> DATA PROVIDED:
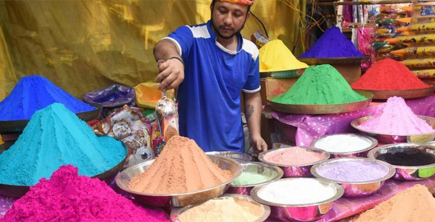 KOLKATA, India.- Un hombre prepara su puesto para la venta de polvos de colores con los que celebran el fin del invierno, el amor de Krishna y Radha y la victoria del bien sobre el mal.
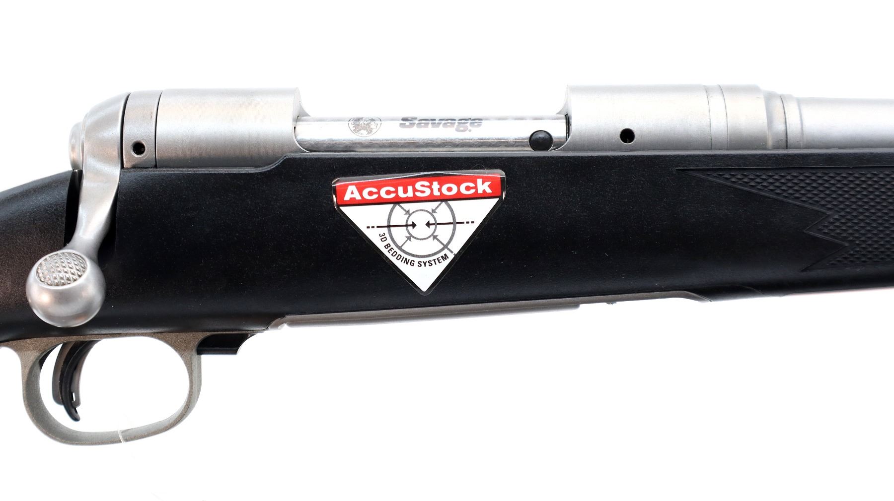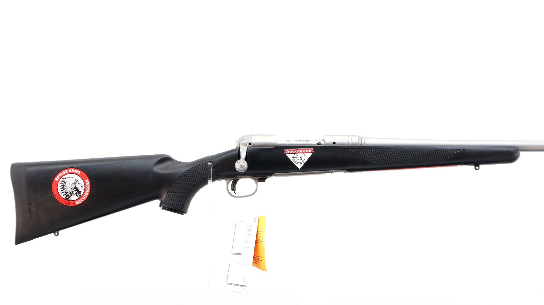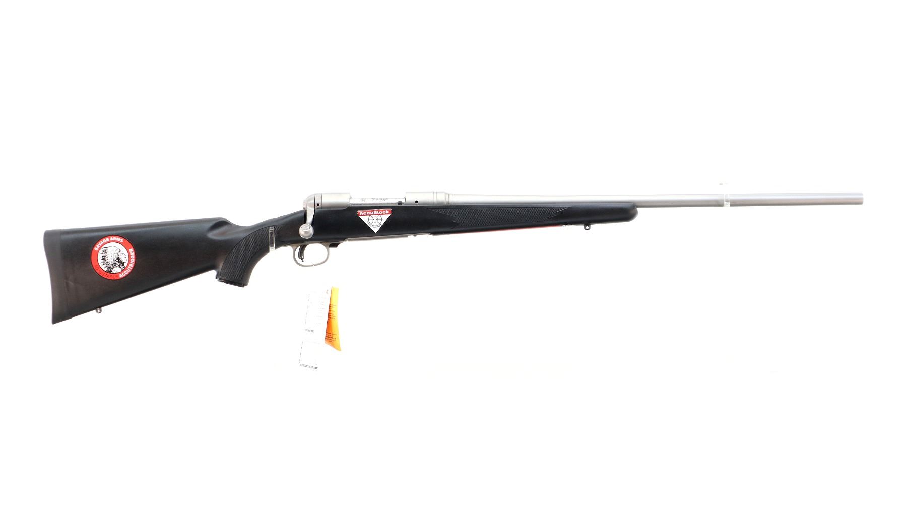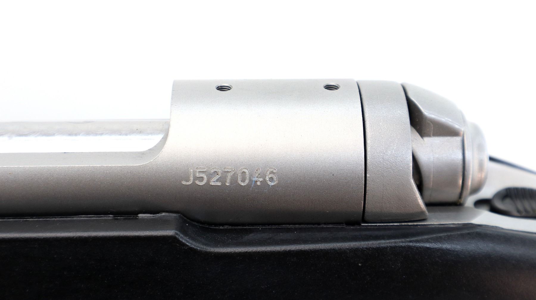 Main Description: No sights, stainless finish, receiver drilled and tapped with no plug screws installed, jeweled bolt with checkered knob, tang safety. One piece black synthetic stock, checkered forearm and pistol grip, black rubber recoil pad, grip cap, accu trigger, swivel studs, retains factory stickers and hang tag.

...

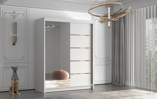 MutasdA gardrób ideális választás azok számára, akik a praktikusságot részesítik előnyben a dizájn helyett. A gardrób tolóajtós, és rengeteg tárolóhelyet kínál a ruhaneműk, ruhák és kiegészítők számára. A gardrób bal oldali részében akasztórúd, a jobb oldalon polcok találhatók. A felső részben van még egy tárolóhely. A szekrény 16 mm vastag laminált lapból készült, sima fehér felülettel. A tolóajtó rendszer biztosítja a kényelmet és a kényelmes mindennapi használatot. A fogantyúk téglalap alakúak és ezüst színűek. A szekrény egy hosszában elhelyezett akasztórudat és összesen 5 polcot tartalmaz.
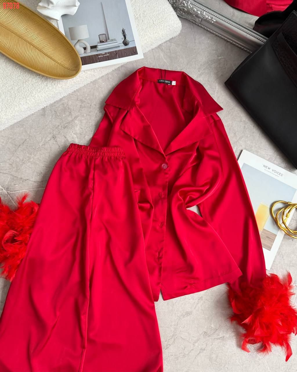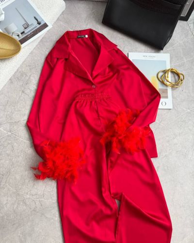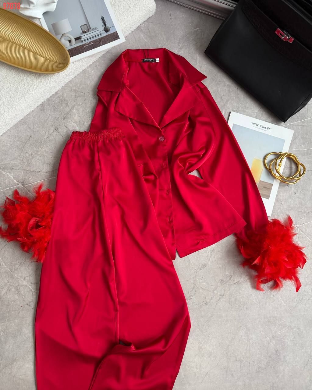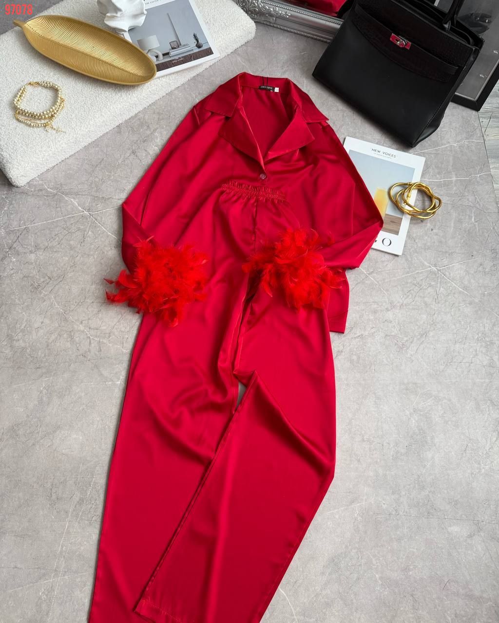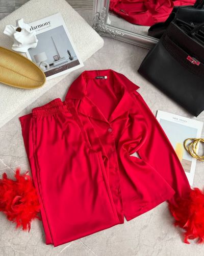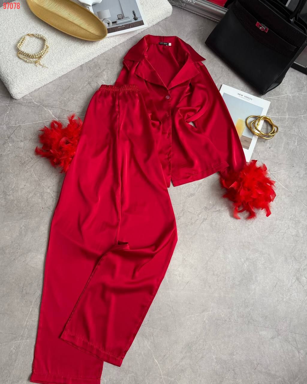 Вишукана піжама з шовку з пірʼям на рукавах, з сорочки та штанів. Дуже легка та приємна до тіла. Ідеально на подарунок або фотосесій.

> EXERCISE REQUIREMENTS: Repeat the lines above exactly, beginning with the one containing "KOLKATA, India.- Un" and finishing with the one containing "Main Description: No". No pictures belong in the copy.

> SOLVED EXERCISE:
 KOLKATA, India.- Un hombre prepara su puesto para la venta de polvos de colores con los que celebran el fin del invierno, el amor de Krishna y Radha y la victoria del bien sobre el mal.
 Main Description: No sights, stainless finish, receiver drilled and tapped with no plug screws installed, jeweled bolt with checkered knob, tang safety. One piece black synthetic stock, checkered forearm and pistol grip, black rubber recoil pad, grip cap, accu trigger, swivel studs, retains factory stickers and hang tag.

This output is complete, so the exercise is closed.